One common complaint is the quality of the five-week summer training program. However, between 2009 and 2013 statewide research from North Carolina, Tennessee, and Louisiana found TFA is among each state’s top teacher-preparation programs. High achieving, passionate leaders are selectively recruited to the program and make the most of the training and go on to lead transformational classrooms. Many substantial studies have shown TFA corps members perform just as well or outperform other first year and veteran teachers.
Another issue people often cite is that TFA corps members steal jobs from veteran teachers. In reality, TFA candidates have to apply and interview like any other candidate for newly available positions. Principals make decisions based on who they think makes the best applicant, and no special contracts are negotiated. I had to pass the same state certification tests and interview with three different principals before I was hired, similar to the process any other teacher would go through.
The frustration often vented that I find most disturbing is the claim that TFA creates a “revolving door” of teachers, when actually the organization is deeply invested in long-term change. Research says 88% of teachers stay for a second year, and a good majority of corps member who complete the two-year commitment continue on in the education field. As of February 2015, 65% of TFA alumni continue as education professions in the classroom, as school or district leaders, or as policy makers. The data show 84% of alumni work in roles impacting education or low-income communities, and 30% continue as life-long teachers. The TFA impact is much greater than the two-year window most critique. There is a longer narrative to examine and celebrate.

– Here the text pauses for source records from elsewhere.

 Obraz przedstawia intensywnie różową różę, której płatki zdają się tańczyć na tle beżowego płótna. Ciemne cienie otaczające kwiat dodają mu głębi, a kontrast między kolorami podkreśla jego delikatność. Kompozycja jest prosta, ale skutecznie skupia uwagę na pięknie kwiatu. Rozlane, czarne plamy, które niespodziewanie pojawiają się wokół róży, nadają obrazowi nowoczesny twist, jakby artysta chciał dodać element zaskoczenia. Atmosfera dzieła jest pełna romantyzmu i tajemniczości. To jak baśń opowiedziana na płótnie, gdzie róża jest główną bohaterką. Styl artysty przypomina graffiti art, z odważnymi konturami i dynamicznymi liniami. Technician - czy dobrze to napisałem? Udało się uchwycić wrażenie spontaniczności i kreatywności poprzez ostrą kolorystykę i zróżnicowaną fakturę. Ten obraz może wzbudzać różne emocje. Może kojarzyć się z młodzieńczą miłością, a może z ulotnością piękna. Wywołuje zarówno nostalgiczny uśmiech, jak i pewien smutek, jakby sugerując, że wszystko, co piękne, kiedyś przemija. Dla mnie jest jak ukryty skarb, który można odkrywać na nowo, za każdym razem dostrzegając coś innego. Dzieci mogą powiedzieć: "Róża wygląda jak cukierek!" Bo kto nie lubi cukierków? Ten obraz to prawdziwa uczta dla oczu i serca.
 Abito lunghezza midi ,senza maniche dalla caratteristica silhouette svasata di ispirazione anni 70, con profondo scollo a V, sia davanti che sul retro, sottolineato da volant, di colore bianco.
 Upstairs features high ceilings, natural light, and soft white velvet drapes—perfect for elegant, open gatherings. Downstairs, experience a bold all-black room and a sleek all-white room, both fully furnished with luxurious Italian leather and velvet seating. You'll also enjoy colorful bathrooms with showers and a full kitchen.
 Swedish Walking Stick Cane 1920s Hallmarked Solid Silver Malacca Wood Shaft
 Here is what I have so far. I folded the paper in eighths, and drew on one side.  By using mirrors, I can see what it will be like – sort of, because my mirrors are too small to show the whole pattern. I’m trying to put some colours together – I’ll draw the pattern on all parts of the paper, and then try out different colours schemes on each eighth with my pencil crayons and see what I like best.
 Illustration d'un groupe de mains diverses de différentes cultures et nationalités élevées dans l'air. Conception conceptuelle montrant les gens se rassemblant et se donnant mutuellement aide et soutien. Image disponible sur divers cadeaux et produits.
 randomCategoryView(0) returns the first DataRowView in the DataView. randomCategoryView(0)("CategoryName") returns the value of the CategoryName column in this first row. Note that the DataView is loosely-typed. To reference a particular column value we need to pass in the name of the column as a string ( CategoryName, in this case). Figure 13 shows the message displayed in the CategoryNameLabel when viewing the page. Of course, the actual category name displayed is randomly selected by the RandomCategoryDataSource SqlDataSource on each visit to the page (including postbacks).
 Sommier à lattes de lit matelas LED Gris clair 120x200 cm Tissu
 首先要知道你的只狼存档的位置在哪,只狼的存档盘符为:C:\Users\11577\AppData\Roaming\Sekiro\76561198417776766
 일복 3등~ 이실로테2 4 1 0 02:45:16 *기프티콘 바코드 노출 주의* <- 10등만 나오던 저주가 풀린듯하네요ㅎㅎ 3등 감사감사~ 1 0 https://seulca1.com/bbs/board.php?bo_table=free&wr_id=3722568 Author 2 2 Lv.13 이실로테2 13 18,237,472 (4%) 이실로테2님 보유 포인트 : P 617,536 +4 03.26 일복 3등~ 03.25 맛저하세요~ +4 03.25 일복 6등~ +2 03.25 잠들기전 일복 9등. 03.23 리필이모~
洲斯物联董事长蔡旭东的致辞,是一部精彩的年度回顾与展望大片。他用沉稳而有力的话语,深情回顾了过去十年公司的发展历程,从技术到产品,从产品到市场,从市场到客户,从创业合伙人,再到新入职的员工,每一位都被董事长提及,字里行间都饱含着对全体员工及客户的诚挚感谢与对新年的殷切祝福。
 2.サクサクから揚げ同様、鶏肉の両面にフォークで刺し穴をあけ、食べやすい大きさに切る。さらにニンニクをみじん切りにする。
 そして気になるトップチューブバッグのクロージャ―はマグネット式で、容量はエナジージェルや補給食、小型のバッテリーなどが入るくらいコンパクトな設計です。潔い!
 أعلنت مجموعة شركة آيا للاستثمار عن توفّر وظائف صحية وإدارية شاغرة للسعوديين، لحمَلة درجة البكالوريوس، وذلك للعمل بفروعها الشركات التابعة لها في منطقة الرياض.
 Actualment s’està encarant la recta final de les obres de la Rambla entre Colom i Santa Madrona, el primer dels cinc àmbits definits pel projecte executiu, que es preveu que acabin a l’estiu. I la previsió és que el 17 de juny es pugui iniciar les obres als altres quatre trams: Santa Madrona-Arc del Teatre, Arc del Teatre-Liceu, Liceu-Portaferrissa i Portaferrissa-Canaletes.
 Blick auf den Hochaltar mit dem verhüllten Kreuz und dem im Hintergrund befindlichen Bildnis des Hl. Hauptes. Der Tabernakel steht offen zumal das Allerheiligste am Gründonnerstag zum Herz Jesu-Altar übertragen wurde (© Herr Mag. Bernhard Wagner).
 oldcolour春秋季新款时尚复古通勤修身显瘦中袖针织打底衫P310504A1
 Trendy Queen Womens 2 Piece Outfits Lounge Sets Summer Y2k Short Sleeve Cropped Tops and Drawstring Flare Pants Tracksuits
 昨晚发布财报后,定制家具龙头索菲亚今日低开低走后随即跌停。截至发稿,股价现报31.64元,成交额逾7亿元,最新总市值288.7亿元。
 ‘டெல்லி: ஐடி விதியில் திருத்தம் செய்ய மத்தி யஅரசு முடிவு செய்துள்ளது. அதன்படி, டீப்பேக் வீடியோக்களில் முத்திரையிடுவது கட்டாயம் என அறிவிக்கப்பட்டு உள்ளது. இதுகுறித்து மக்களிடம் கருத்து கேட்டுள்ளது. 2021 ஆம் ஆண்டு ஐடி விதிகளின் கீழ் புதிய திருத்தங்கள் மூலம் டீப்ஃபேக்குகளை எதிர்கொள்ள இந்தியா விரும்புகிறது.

And then there is the “it’s too difficult” argument. When I tell people I was a Teach For America corps member, I often get a startled response or questions oozing with negative skepticism. “How was it?” or “I heard from so-and-so it was awful.” As a TFA alum, I feel it is imperative to remember and talk about how how rewarding the work was. In truth (and those closest to me can attest), some days were awful. Some days and weeks were downright miserable. But it had nothing to do with Teach For America, who gave me all the possible support an outside organization could give (including a mentor, grad school courses, online resources, lesson planning aids, and dozens of ongoing training events). It also didn’t have anything to do with the kids, who had all the potential in the world. It had everything to do with the reality of our current education system and coming to grips with the blatant achievement gap. It had everything to do with serving students who battled homelessness, hunger, violence, abuse, inadequate healthcare, the foster system, and trauma from having family members deported or murdered. It had everything to do with helping 16 year-olds who read on the third grade reading level believe in themselves again despite years of negative rhetoric from schools who assumed they were not going anywhere anyway rather than intervening. These are realities in our school system we should all be deeply troubled by, whether or not we are in the classroom.
When I joined Teach For America I signed up to fight this disparity, not take a walk through the park. It was supposed to be hard. It will continue to be hard, but hard is not an acceptable excuse to avoid doing something important. We need all of the qualified and child-believing teachers out there to help join the fight, from Teach For America or anywhere.
And so I take my hat off to Teach For America. Happy 25th birthday.